D’autre part, la réversion de la chloroquinorésistance chez P. falciparum par des molécules de synthèse et gènes associés aux mécanismes de résistance (Pfcrt et Pfmdr1) a pour objectif de freiner la fuite de la chloroquine hors de l’hématie parasitée (inhibiteurs calciques vérapamil-like).

5.4. au niveau de l’apicoplaste, d’autres antibiotiques pourraient être actifs : les fluoroquinolones, qui bloquent des topoisomérases spécifiques et la fosmidomycine, qui est un inhibiteur de la synthèse des isoprénoïdes.

 

Les récents progrès dans l’identification et le développement de nouvelles molécules devraient permettre d’avoir un choix plus important d’antipaludiques dans un proche avenir. Mais,  les cibles des nouvelles molécules sont identiques à celles des antipaludiques actuels. Il en est ainsi des trioxaquines, nouvelles molécules synthétiques constituées d’un groupement de type quinoléine (comme dans la chloroquine), lié de manière covalente avec un groupement endoperoxyde (comme l’artémisinine).

Y a-t-il d’autres voies thérapeutiques à explorer ?

 

Références 

 

(1) Ambroise-Thomas P. Traitement du paludisme : prévenir les résistances par les associations d’antipaludiques.

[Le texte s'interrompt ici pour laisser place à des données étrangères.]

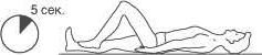 5. "Малый велосипед". Согнуть обе ноги в коленях, стопы на полу. Правую ногу привести к животу коленом, затем выпрямить ее и медленно опустить на пол и вновь привести ко второй ноге. Стопа при этом всегда под прямым углом. Ноги менять.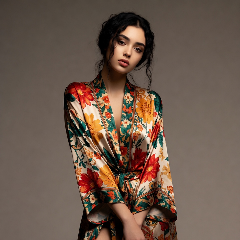 Woman in Floral Silk Robe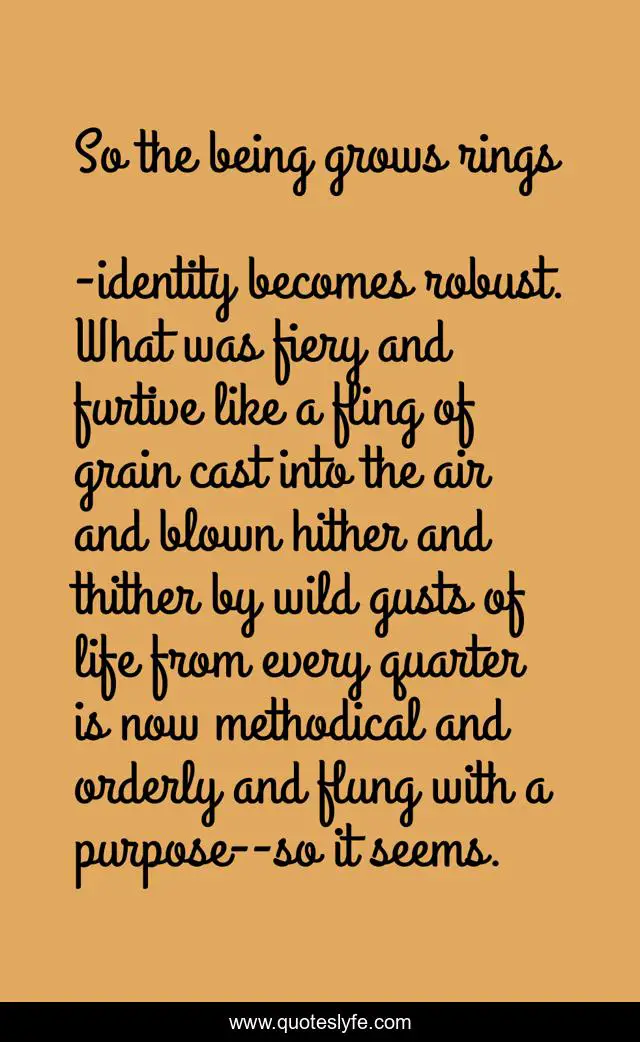 "identity becomes robust. What was fiery and furtive like a fling of grain cast into the air and blown hither and thither by wild gusts of life from every quarter is now methodical and orderly and flung with a purpose--so it seems. Quotes." Quoteslyfe.com, 2025. Mon. 08 Dec. 2025. <https://www.quoteslyfe.com/quote/So-the-being-grows-rings-171241>.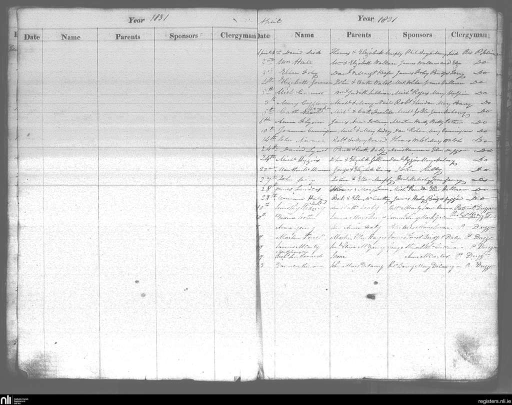 Cobh; County of Cork; Diocese of Cloyne. Baptisms, Apr. 1831

Med. Trop., 2000, 60, 219-222.

(2) Touze J.E., Fourcade L., Pradines B., Hovette P., Paule P., Heno Ph. Les modes d’action des antipaludiques. Intérêt de l’association atovaquone-proguanil. Med. Trop., 2002, 62, 219-224.

(3) Pradines B., Vial H., Olliaro P. Prophylaxie et traitement du paludisme : problèmes, récents développements et perspectives. Med. Trop., 2003, 63, 79-98.

(4) Danis M. Avancées thérapeutiques contre le paludisme en 2003. Med. Trop., 2003, 63, 267-270.